Department of Urology, First Affiliated Hospital, Zhejiang University School of Medicine, Hangzhou, China.
Department of Urology, Changzheng Hospital, Second Military (Naval) Medical University, Shanghai, China.
Minerva Urol Nephrol. 2021 Jun;73(3):392-400. doi: 10.23736/S2724-6051.20.03711-X. Epub 2020 Apr 10.
Concerns have been raised regarding the management of bladder cuff with these minimally invasive approaches. The aim of this study was to describe a modified radical nephroureterectomy (RNU) with pure retroperitoneoscopic extravesical standardized seeable (PRESS) bladder cuff excision (BCE) and to assess its outcomes based on a novel concept of intraoperative "trifecta."
Twenty-four patients with upper urinary tract urothelial carcinoma underwent retroperitoneoscopic RNU from August 2017 to August 2019. A modified RNU with PRESS BCE and lymph node dissection (LND) was performed. Descriptive analysis of patients' characteristics, surgical technique, perioperative outcomes, and follow-up data was performed. BCE trifecta was defined as en-bloc excision, mucosa-to-mucosa reliable closure and no urine spillage.

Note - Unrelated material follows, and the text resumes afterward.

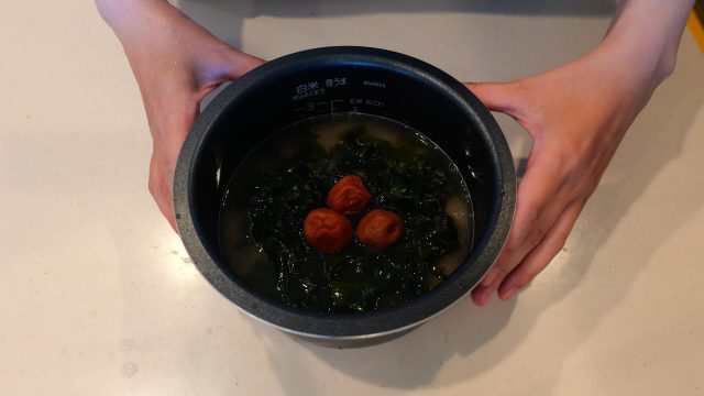 3) お釜に米→(A)→水の順に入れて混ぜ、水分を絞ったわかめと梅をのせて普通炊飯する。

In 23 out of 24 cases (95.8%) the procedure was successfully completed. One patient was converted to open distal ureterectomy with a Gibson incision due to peritoneum rupture during dissection of the distal ureter. BCE trifecta was achieved in 95.7% (22/23) cases of all patients finished with PRESS technique. Median OT was 260 min (IQR: 220-305) with median EBL of 100 mL (IQR: 100-250). Median OT for distal ureterectomy was 52 min (IQR: 40-69). No positive surgical margin occurred. Median postoperative hospital stay was 6 d (IQR: 5-7). Median follow-up time was 7 mo (IQR: 5-17). One patient (4.3%) experienced bladder recurrence and no patient developed distant metastasis or died of the disease.
Herein, we demonstrate a standardized retroperitoneoscopic RNU technique that is safe and reproducible, enabling the visual confirmation of complete BCE and facilitating LND. BCE trifecta should be a routine goal in minimally invasive RNU. Prospective comparison with the standard open surgical technique is warranted.
人们对这些微创方法处理膀胱袖套提出了担忧。本研究的目的是描述一种改良的根治性肾输尿管切除术(RNU),采用纯后腹腔镜经膀胱外标准可视(PRESS)膀胱袖套切除术(BCE),并基于术中“三联征”的新概念评估其结果。
2017 年 8 月至 2019 年 8 月,24 例上尿路尿路上皮癌患者接受了后腹腔镜 RNU。采用改良的 RNU 联合 PRESS BCE 和淋巴结清扫(LND)。对患者的特征、手术技术、围手术期结果和随访数据进行描述性分析。BCE 三联征定义为整块切除、黏膜对黏膜可靠闭合且无尿液溢出。
24 例患者中有 23 例(95.8%)手术成功完成。1 例患者因远端输尿管分离时腹膜破裂而转为开放远端输尿管切除术和 Gibson 切口。采用 PRESS 技术完成的 23 例患者中,有 95.7%(22/23)例达到 BCE 三联征。中位手术时间为 260 分钟(IQR:220-305),中位出血量为 100 毫升(IQR:100-250)。远端输尿管切除术的中位手术时间为 52 分钟(IQR:40-69)。无切缘阳性。中位术后住院时间为 6 天(IQR:5-7)。中位随访时间为 7 个月(IQR:5-17)。1 例患者(4.3%)发生膀胱复发,无患者发生远处转移或死于疾病。
本文展示了一种安全且可重复的标准化后腹腔镜 RNU 技术,能够可视化确认完整的 BCE,并有利于 LND。BCE 三联征应成为微创 RNU 的常规目标。需要与标准开放手术技术进行前瞻性比较。